Thus, it seems that before and during military deployment, soldiers can become part of a system of people and experiences in their assigned unit that may rival the importance of relationships and experiences within their natural family system at home. In fact, this unit family system shares powerful similarities with the returning soldier’s natural family system.
The Natural and Unit Family Systems
A soldier’s natural family and unit family can both be defined as living systems in that they (a) consist of a collection of multiple individuals, (b) who have joined together as a network for a specific purpose, and (c) whose relationships with one another are stable and enduring for a specified amount of time (Buckley, 1967). Natural family systems form when individual adults enter into a committed relationship, often for the purpose of having and rearing children. A soldier’s unit family system forms when individual soldiers are assigned to a specified group for the purpose of a military mission. Natural family members are related to one another through formal and informal vows of commitment and through shared bloodlines with their children. The members of a soldier’s unit family are related to one another through formal vows to faithfully discharge their duties to support and defend the country (Oath of Office/Oath of Enlistment) and through less formal (but no less important) bonds of comradery and shared (often adverse) experience. Natural families endure for a period defined by having members living who possess the original members’ shared bloodline and name. Minimally, a soldier’s unit family endures for the defined length of a unit’s specified mission, but it may often continue across multiple missions and beyond deployment for a much longer period.

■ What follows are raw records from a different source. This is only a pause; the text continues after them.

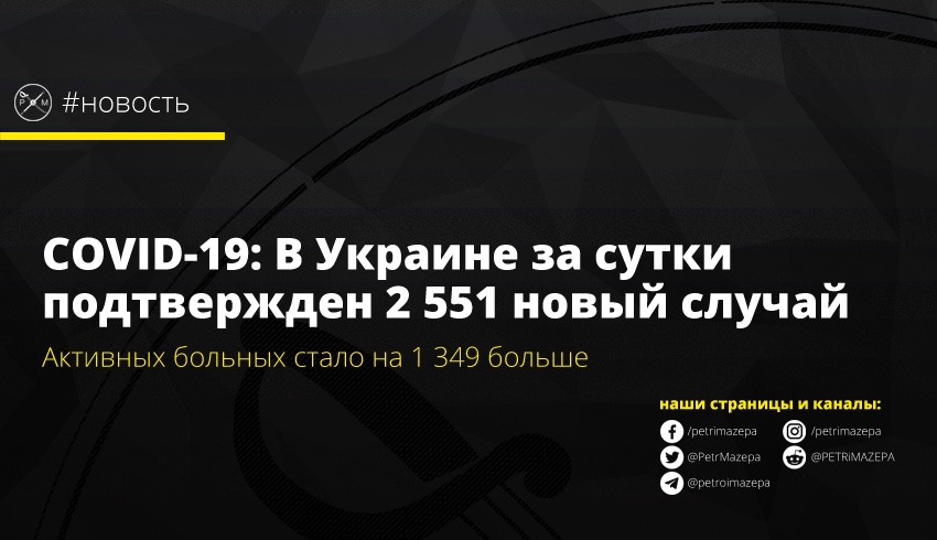 COVID-19: В Украине за сутки подтвержден 2 551 новый случай
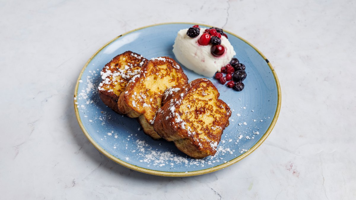 מלחם בריוש צרפתי, מוגש עם קציפת מסקרפונה וקולי פירות יער
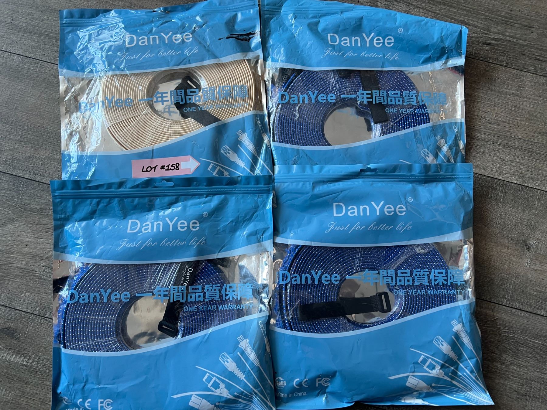 Lot of 4 assorted color & assorted length cat7 ethernet cables.
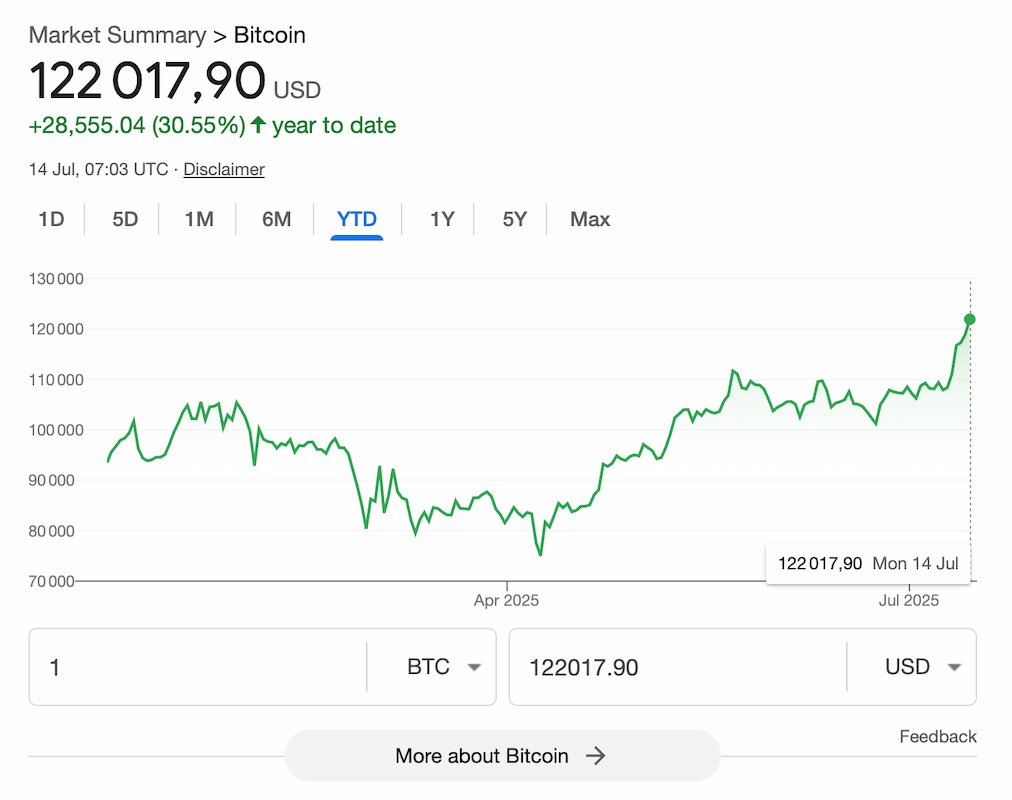 Franchement, à ce niveau, on n’est plus dans une simple tendance haussière. Les ETF spot aspirent toute l’offre, les institutionnels sont à l’achat non-stop, et les signaux politiques aux US sont ultra-positifs. Le marché est en train de recaler le prix du BTC, comme si les 100k étaient le nouveau plancher. Bien sûr qu’il y aura des prises de bénéfices, mais perso, je vois mal un vrai retournement tant que le flux reste aussi fort. Acheter maintenant ? Ce n’est pas absurde, tant qu’on a une vision moyen/long terme. Vendre ? Seulement si t’es full levier ou que tu vises un top court terme.
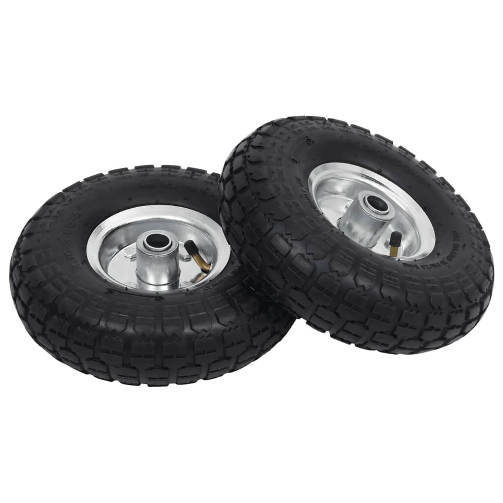These puncture resistant sack truck spare wheels are ideal for heavy-duty use when moving loads with your sack trucks, hand trucks, trolleys, carts, dollies, wheelbarrows, etc., even on uneven grounds. The pneumatic tyres are made of durable, abrasion-resistant rubber and have a special tread design that provides added grip at higher speeds. The wheel rims are made of sturdy metal. The spare trolley wheels have a universal size and can be easily installed to your sack trucks, trolleys, etc. Delivery includes 2 wheels.
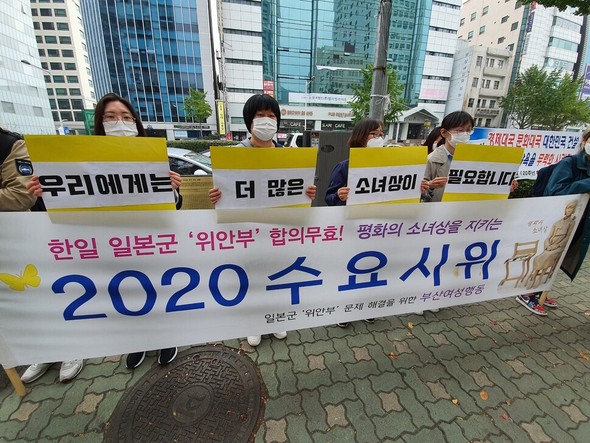 釜山女性行動は「こうした行動から分かるように、日本政府は第2次世界大戦当時の戦争犯罪を認めていない。戦争犯罪を消すために歴史不正をためらうことなく犯している。日本軍性奴隷制問題はすでに解決されたとして事実を歪曲している」と批判した。続いて「この問題は反人権的な戦争犯罪だ。加害国である日本の政府は法的賠償を行わなければならない。日本軍慰安婦の歴史を歪曲する日本政府と、それに加担する親日勢力の清算に力を合わせなければならない」と強調した。
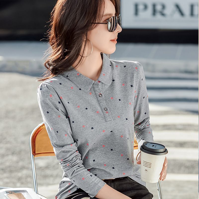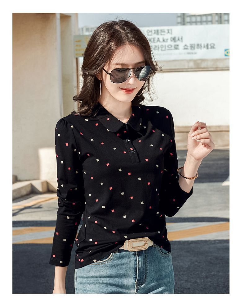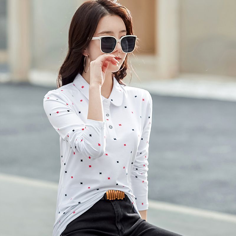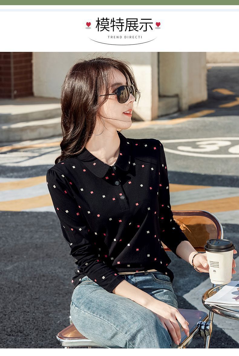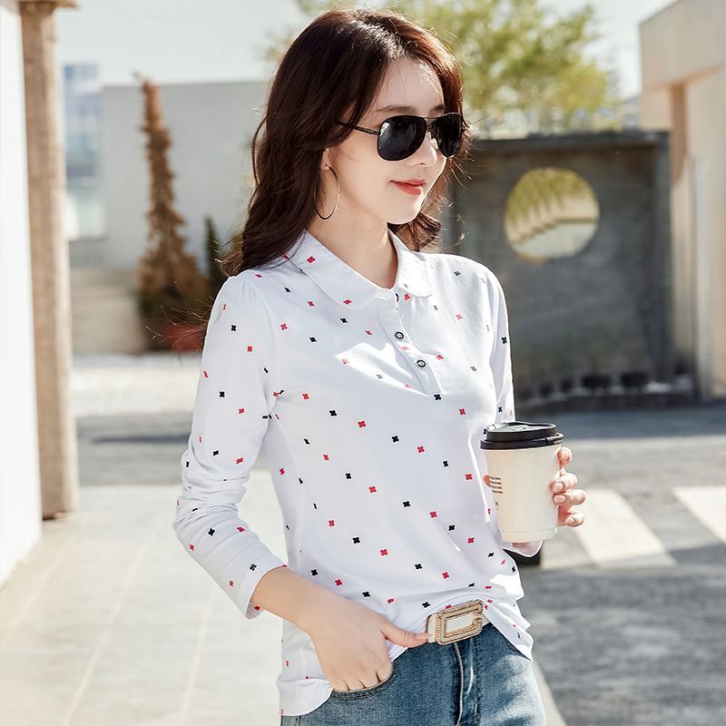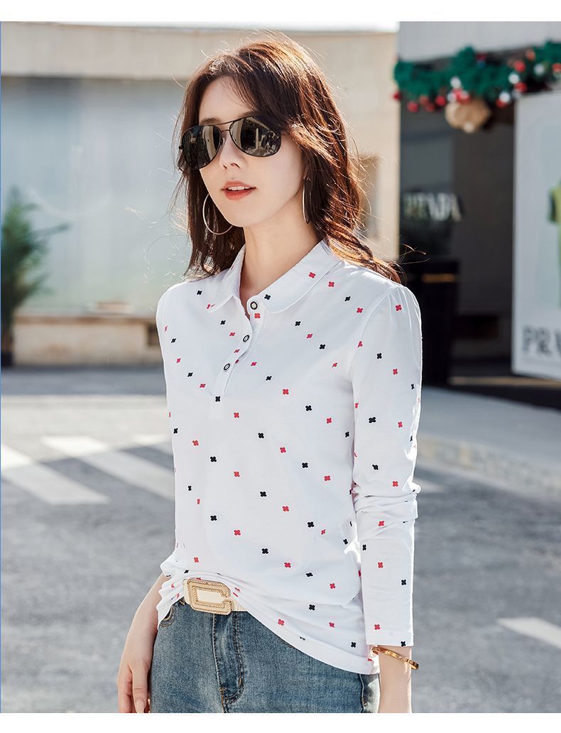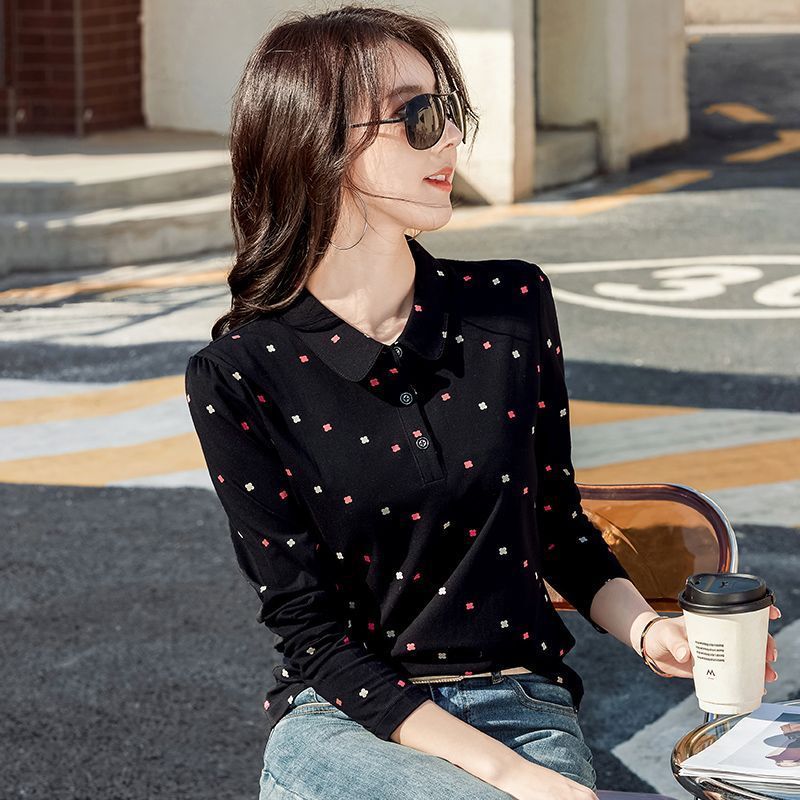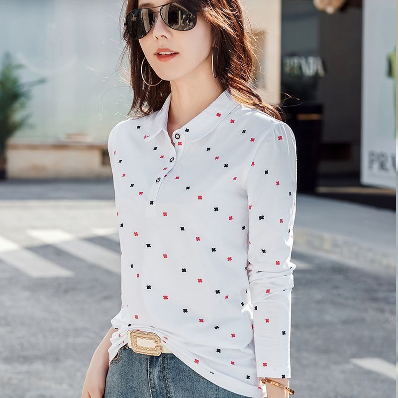 2024 весенняя новая женская футболка с длинными рукавами и отворотом рубашка поло корейская версия тонко удобная и темпераментная рубашка
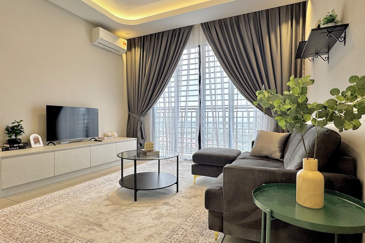 L'apartament de 2 dormitoris equipat amb 3 aires condicionats, internet d'alta velocitat i l'últim és un purificador d'aigua ideal per allotjar 4 hostes. Entorn tranquil de planta alta, amb piscina i gimnàs. Situat a prop de l'aeroport de KLIA, Malàisia. Gaudeix d'una estada sense estrès amb accés independent les 24 hores, situat a només 15 minuts de la T1 o de l'aeroport internacional T2. Tant si tens una sortida a primera hora del matí com si arribes tard, estalvia temps i relaxa't abans del vol. Grab està disponible les 24 hores

The structural components of soldiers’ natural and unit family systems also bear some striking similarities. In general, all living systems include a hierarchical structure that defines the level of power and influence held by individual members; a number of smaller subsystems, each of which makes a distinct contribution to the function of the system unit as a whole; and specific rules of engagement for maintaining the boundaries among the various subsystem components and between the larger system and its external environment (Nichols, 2016). In natural families, the hierarchical structure is characteristically comprised of parents at the top and having the most influence on family function, with children having varying lesser degrees of influence based upon their chronological age (Nichols). In a soldier’s unit family, the hierarchical structure is more formally defined, with commissioned officers holding more power than noncommissioned officers, noncommissioned officers holding more power than enlisted personnel, and the specific levels of influence within each group varying depending upon rank (Schading, Schading, & Holeman, 2006).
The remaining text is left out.